THE TASK:
Starting at the line that contains "S podpisom so" and stopping after the line that contains "정 군수는 후반기에는", transcribe the listing below exactly; do not include any pictures.

DATA FOR THIS TASK:
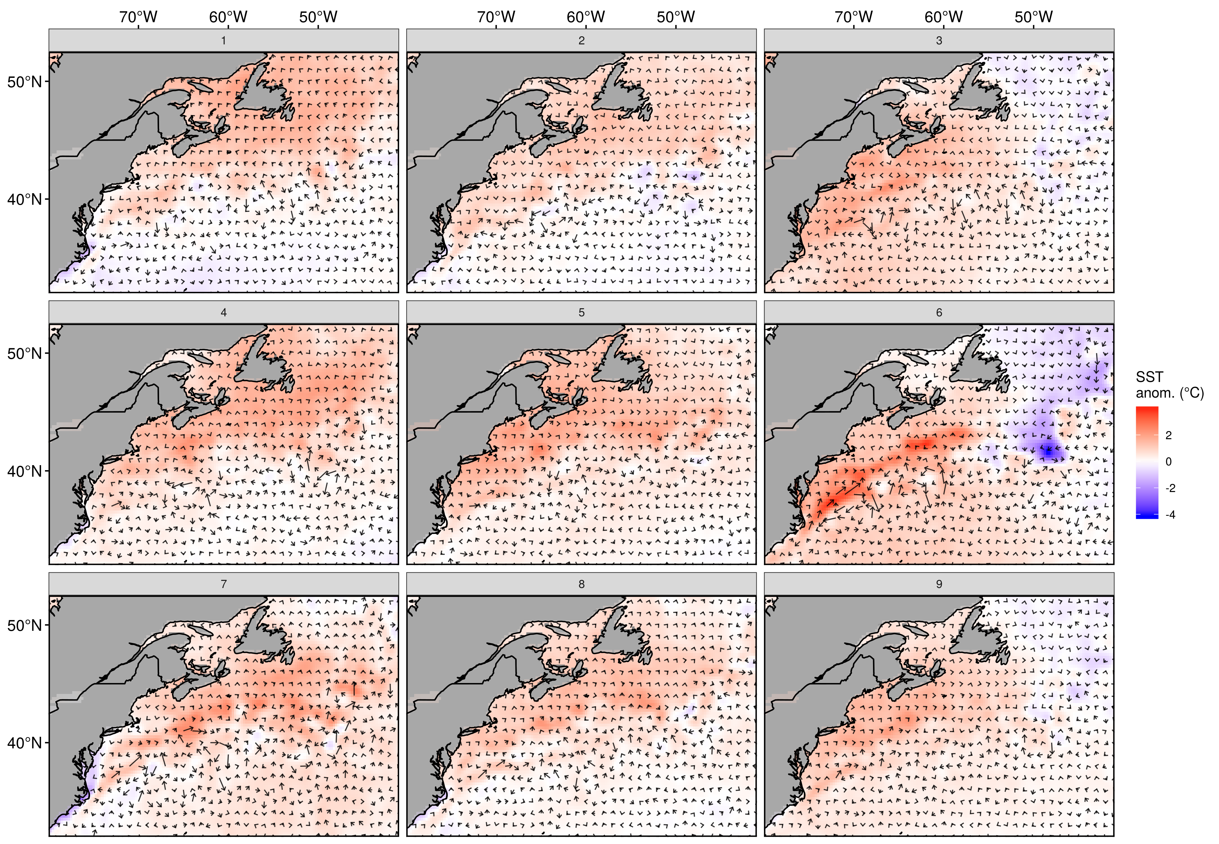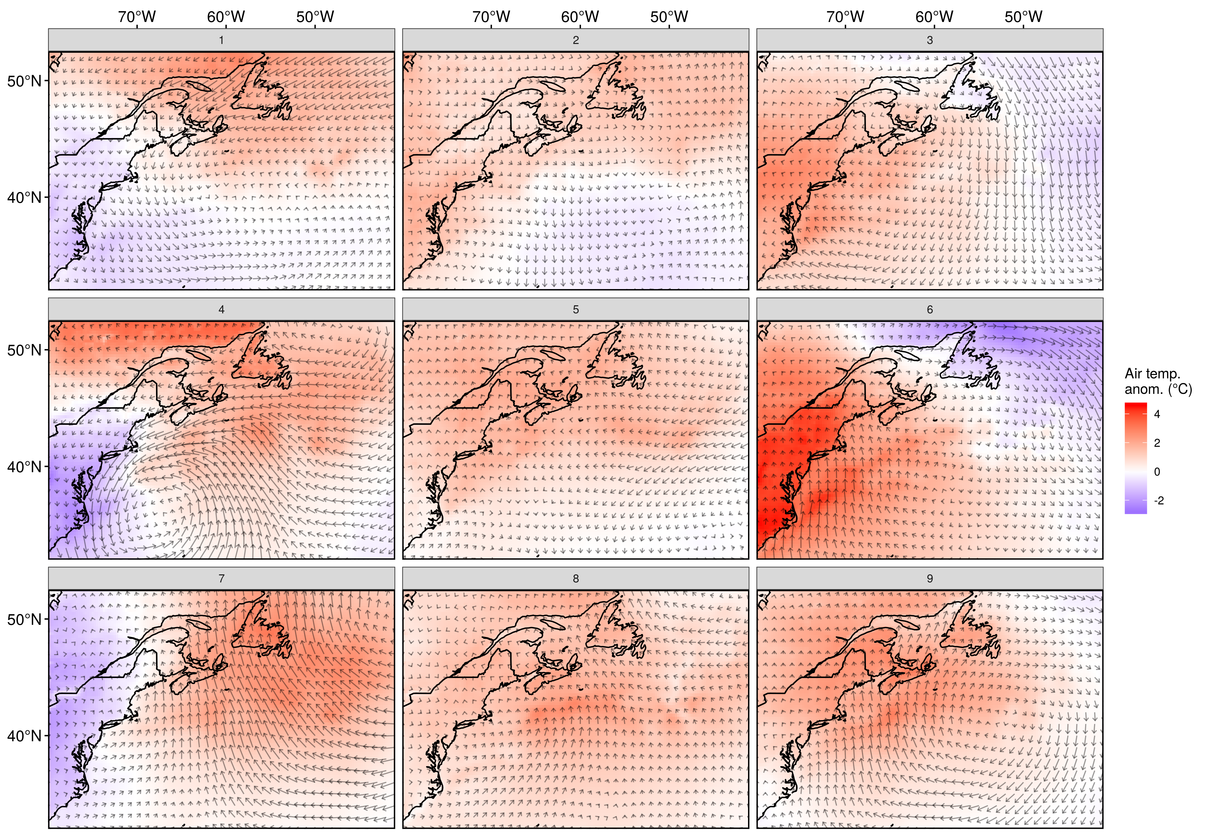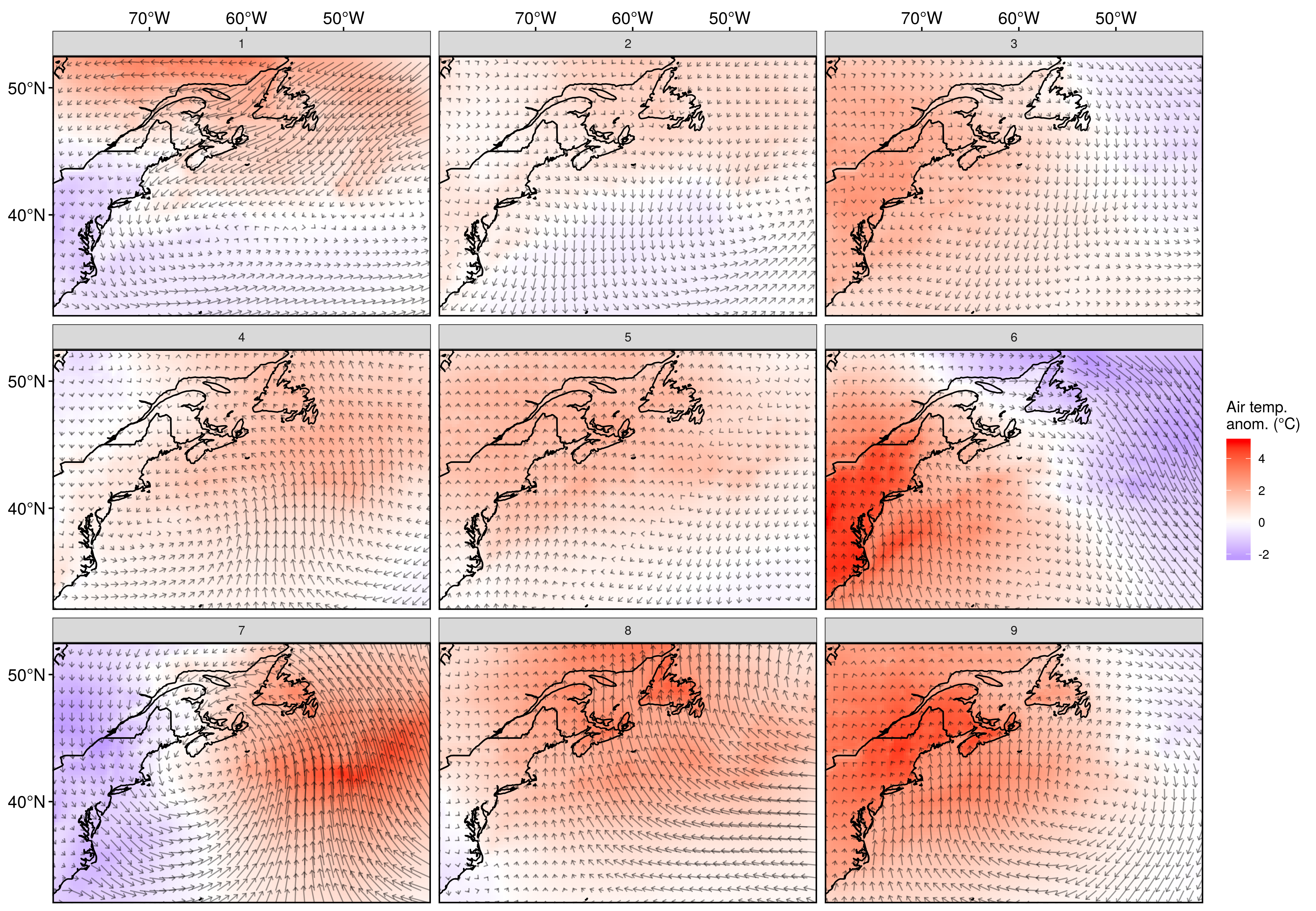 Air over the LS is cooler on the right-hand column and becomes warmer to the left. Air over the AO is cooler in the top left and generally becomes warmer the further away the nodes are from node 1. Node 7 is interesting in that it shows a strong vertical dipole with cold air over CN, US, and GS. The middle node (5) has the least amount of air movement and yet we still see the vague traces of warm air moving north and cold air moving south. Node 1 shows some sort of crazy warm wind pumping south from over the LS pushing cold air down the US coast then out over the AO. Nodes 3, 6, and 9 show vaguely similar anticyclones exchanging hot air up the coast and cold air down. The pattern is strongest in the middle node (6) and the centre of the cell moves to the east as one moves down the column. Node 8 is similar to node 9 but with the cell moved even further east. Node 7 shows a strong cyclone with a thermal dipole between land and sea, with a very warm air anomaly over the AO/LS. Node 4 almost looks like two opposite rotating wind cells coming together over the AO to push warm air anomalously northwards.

---

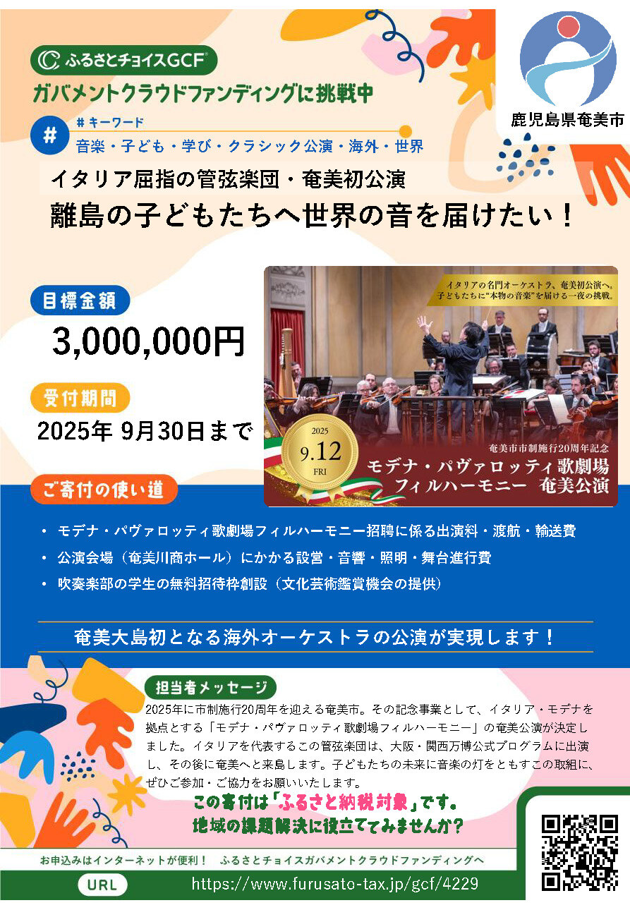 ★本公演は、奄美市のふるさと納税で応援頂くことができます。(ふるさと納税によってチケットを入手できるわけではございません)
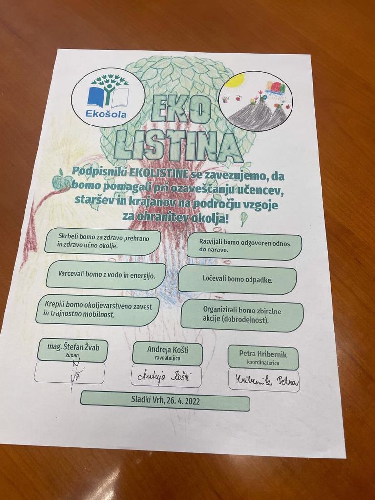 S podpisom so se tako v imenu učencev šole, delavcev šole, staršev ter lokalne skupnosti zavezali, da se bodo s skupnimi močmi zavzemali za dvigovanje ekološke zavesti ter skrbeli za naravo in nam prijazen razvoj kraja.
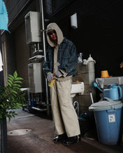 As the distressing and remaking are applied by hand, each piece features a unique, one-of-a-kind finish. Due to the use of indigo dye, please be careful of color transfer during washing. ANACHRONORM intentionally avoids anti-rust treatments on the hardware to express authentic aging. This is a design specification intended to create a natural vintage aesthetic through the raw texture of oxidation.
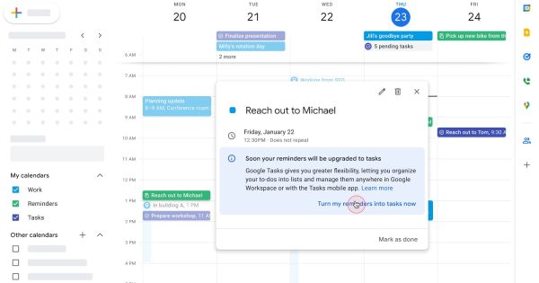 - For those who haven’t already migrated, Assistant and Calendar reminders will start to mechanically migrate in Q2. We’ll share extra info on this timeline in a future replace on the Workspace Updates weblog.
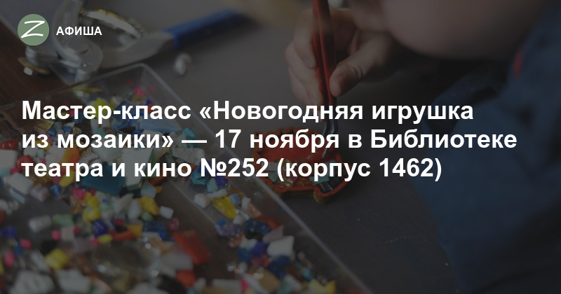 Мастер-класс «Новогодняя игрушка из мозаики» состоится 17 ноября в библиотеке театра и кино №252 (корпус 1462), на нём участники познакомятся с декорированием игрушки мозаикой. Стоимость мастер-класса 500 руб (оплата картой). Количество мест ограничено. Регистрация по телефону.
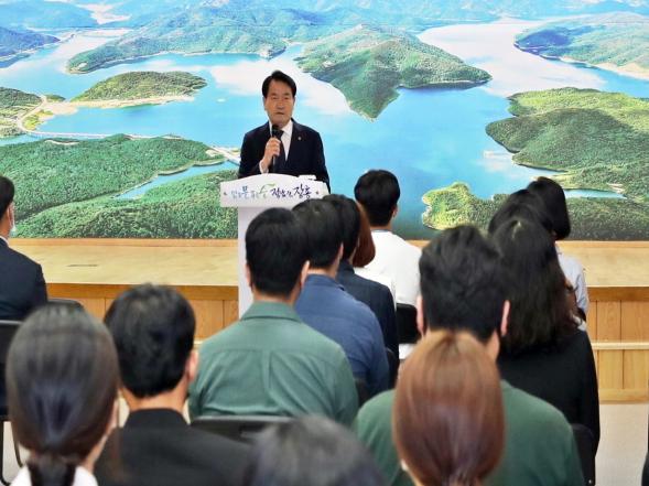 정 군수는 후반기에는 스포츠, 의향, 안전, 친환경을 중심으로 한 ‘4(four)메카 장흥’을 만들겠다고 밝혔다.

OUTPUT OF THE TASK:
 S podpisom so se tako v imenu učencev šole, delavcev šole, staršev ter lokalne skupnosti zavezali, da se bodo s skupnimi močmi zavzemali za dvigovanje ekološke zavesti ter skrbeli za naravo in nam prijazen razvoj kraja.
 As the distressing and remaking are applied by hand, each piece features a unique, one-of-a-kind finish. Due to the use of indigo dye, please be careful of color transfer during washing. ANACHRONORM intentionally avoids anti-rust treatments on the hardware to express authentic aging. This is a design specification intended to create a natural vintage aesthetic through the raw texture of oxidation.
 - For those who haven’t already migrated, Assistant and Calendar reminders will start to mechanically migrate in Q2. We’ll share extra info on this timeline in a future replace on the Workspace Updates weblog.
 Мастер-класс «Новогодняя игрушка из мозаики» состоится 17 ноября в библиотеке театра и кино №252 (корпус 1462), на нём участники познакомятся с декорированием игрушки мозаикой. Стоимость мастер-класса 500 руб (оплата картой). Количество мест ограничено. Регистрация по телефону.
 정 군수는 후반기에는 스포츠, 의향, 안전, 친환경을 중심으로 한 ‘4(four)메카 장흥’을 만들겠다고 밝혔다.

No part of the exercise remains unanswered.